Stored items
※

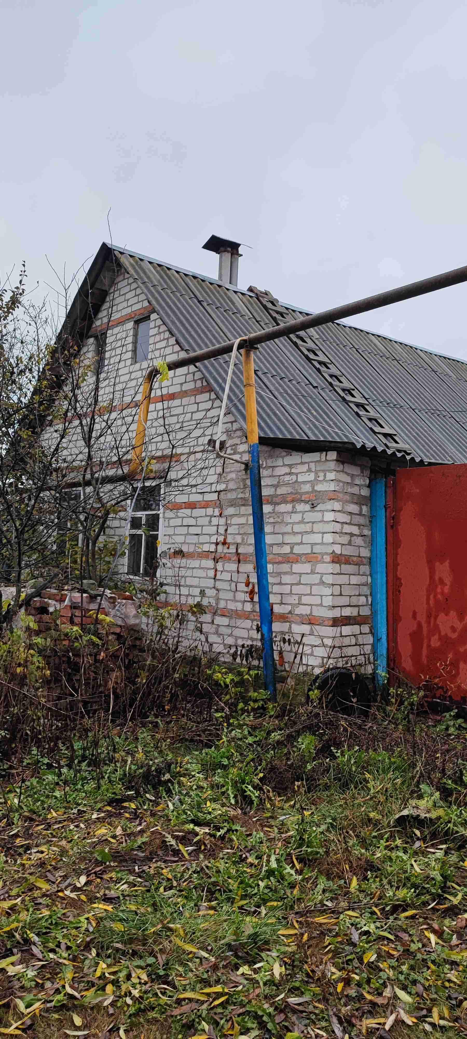 2) кирпичную времянку с газом, об'единенную с хозблоком,
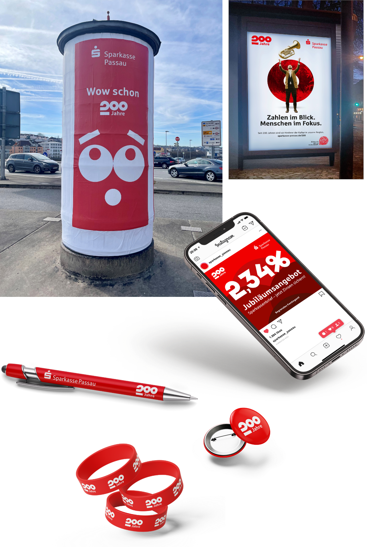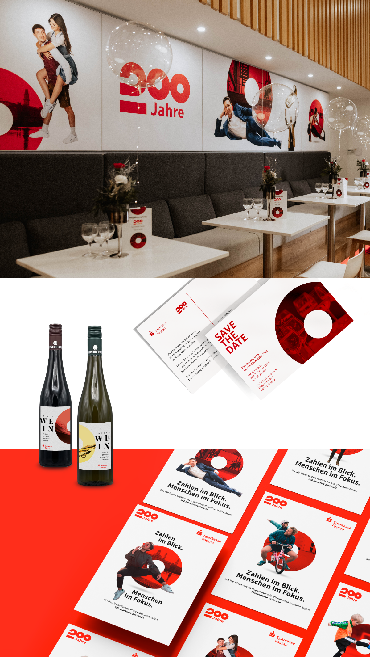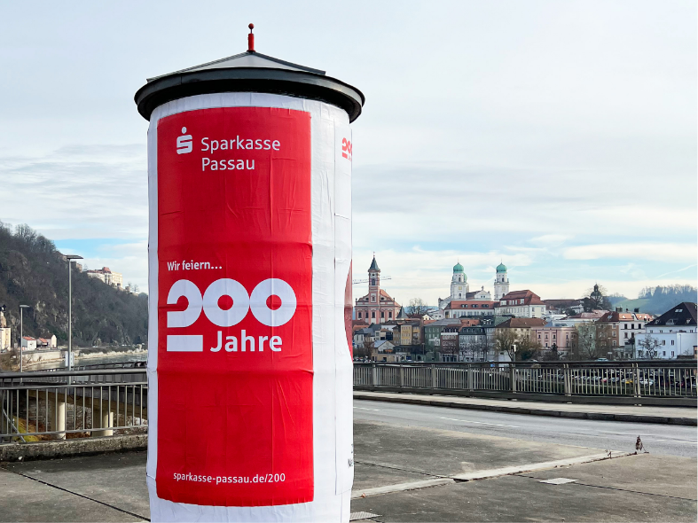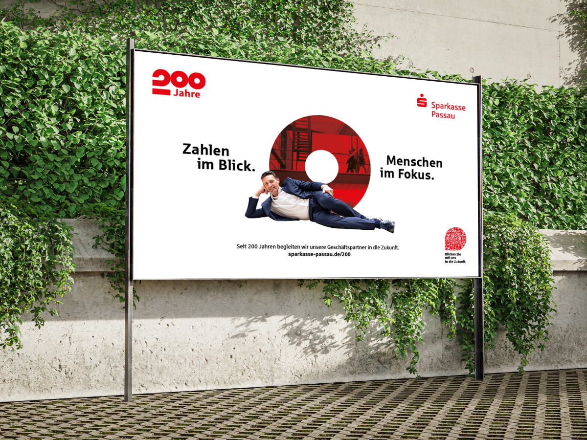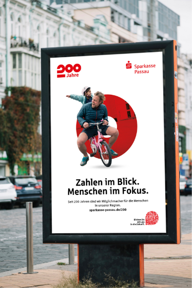 „200 Jahre Sparkasse Passau“ – Erscheinungsbild und Kampagne drehen sich um Menschen. Menschen mit unterschiedlichen Hintergründen, wie die Kunden und Mitarbeiter der Bank. Im Leitmotiv mit wechselnden Personen stehen sie im Mittelpunkt. Vertraute Orte im Hintergrund erzeugen ein Gefühl von Heimat als gemeinsame Vergangenheit und Ort der Zukunft. Die Kernbotschaft der Kampagne definierte die Sparkasse in den letzten 200 Jahren: „Zahlen im Blick. Menschen im Fokus“. Die Zahl „200“ verleiht dem Jubiläumslogo Stabilität und Dynamik zugleich. Der Punkt über dem Sparkassen-„S“ wird zur runden Form mit zusätzlichen Funktionen: Eine Linse für den Focus. Eine Projektionsfläche für Orte. Ein Fernglas für Weitsicht. Die Jubiläums-Kampagne umfasst eine Vielzahl aufeinander abgestimmter Einzelmaßnahmen: Vom Magazin bis zur Außenwerbung, vom Veranstaltungsevent bis zur Social-Media-Kampagne. Eine Kampagne mit hohem Integrations- und Identifikationspotenzial.
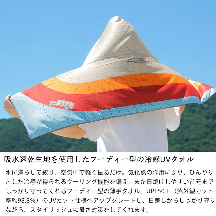 気化熱の作用により、ひんやりとした冷感が得られるクーリング機能を備え、また日焼けしやすい首元までしっかり守ってくれるフーディー型の薄手タオル。
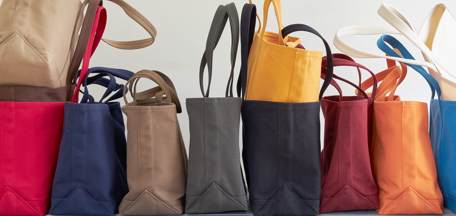 10月10日はトートの日。トートの日にあわせて発売したコンパクト2WAYトートは、“毎日使いたくなるバッグ”をテーマに、使いやすさと手触りの良さにこだわりました。気兼ねなく日々使っていきながら、バッグが味わい深く変化していく様子もお楽しみください。 アクセントとして使用しているストライプ柄の生地は、染め糸で織り上げた10号帆布を使用しています。吸い込まれそうになるほどの規則正しい織り目は、複数の色糸(タテ糸)から形成されており、プリントでは表現できない立体的な手触りと鮮やかな織り柄が楽しめます。シャトル織機でゆっくり織ることで生地はふっくらとした仕上がりに、柔らかくしっとりとした感触も味わえます。 ボディの生地は厚手6号帆布を使用しています。底が2重になっているため型崩れせず床に置いても自立します。帆布らしい粗い織り目が特長ですが、上質な綿100%のコーマ糸を使用することで、肌ざわりはしっとりと滑らかに。使うほどに柔らかく変化します。 間口にファスナーが付いており、中身が見える心配がなく、貴重品も安心して入れられます。荷物の出し入れが多い時には、ストライプのマチ部分を内側に折り畳んでオープンタイプとしてお使いください。 マチがしっかりとあり見た目以上に収納力があります。ポケットは内外に1つずつ、ショルダーは取り外しが可能です。 帆布のバッグは、経年変化も楽しみのひとつです。お使いいただきながら、味わい深くなっていくバッグを育んでみてください。カラーはキナリと黒の2色をご用意しています。
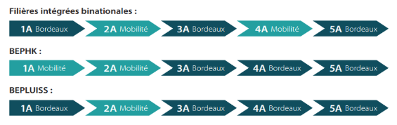 - Binational English Programme Hong-Kong (BEPHK, cursus en langue anglaise, pratique du mandarin au cours de la scolarité antérieure obligatoire (équivalent A2) et suivi impératif du chinois en LVB durant toute la scolarité à Sciences Po Bordeaux),

※

EXERCISE DIRECTIONS |
Please write out exactly, and only, the lines from the beginning of the entries through the line containing "気化熱の作用により、ひんやり", including both and skipping all pictures.

WRITTEN ANSWER |
 2) кирпичную времянку с газом, об'единенную с хозблоком,
 „200 Jahre Sparkasse Passau“ – Erscheinungsbild und Kampagne drehen sich um Menschen. Menschen mit unterschiedlichen Hintergründen, wie die Kunden und Mitarbeiter der Bank. Im Leitmotiv mit wechselnden Personen stehen sie im Mittelpunkt. Vertraute Orte im Hintergrund erzeugen ein Gefühl von Heimat als gemeinsame Vergangenheit und Ort der Zukunft. Die Kernbotschaft der Kampagne definierte die Sparkasse in den letzten 200 Jahren: „Zahlen im Blick. Menschen im Fokus“. Die Zahl „200“ verleiht dem Jubiläumslogo Stabilität und Dynamik zugleich. Der Punkt über dem Sparkassen-„S“ wird zur runden Form mit zusätzlichen Funktionen: Eine Linse für den Focus. Eine Projektionsfläche für Orte. Ein Fernglas für Weitsicht. Die Jubiläums-Kampagne umfasst eine Vielzahl aufeinander abgestimmter Einzelmaßnahmen: Vom Magazin bis zur Außenwerbung, vom Veranstaltungsevent bis zur Social-Media-Kampagne. Eine Kampagne mit hohem Integrations- und Identifikationspotenzial.
 気化熱の作用により、ひんやりとした冷感が得られるクーリング機能を備え、また日焼けしやすい首元までしっかり守ってくれるフーディー型の薄手タオル。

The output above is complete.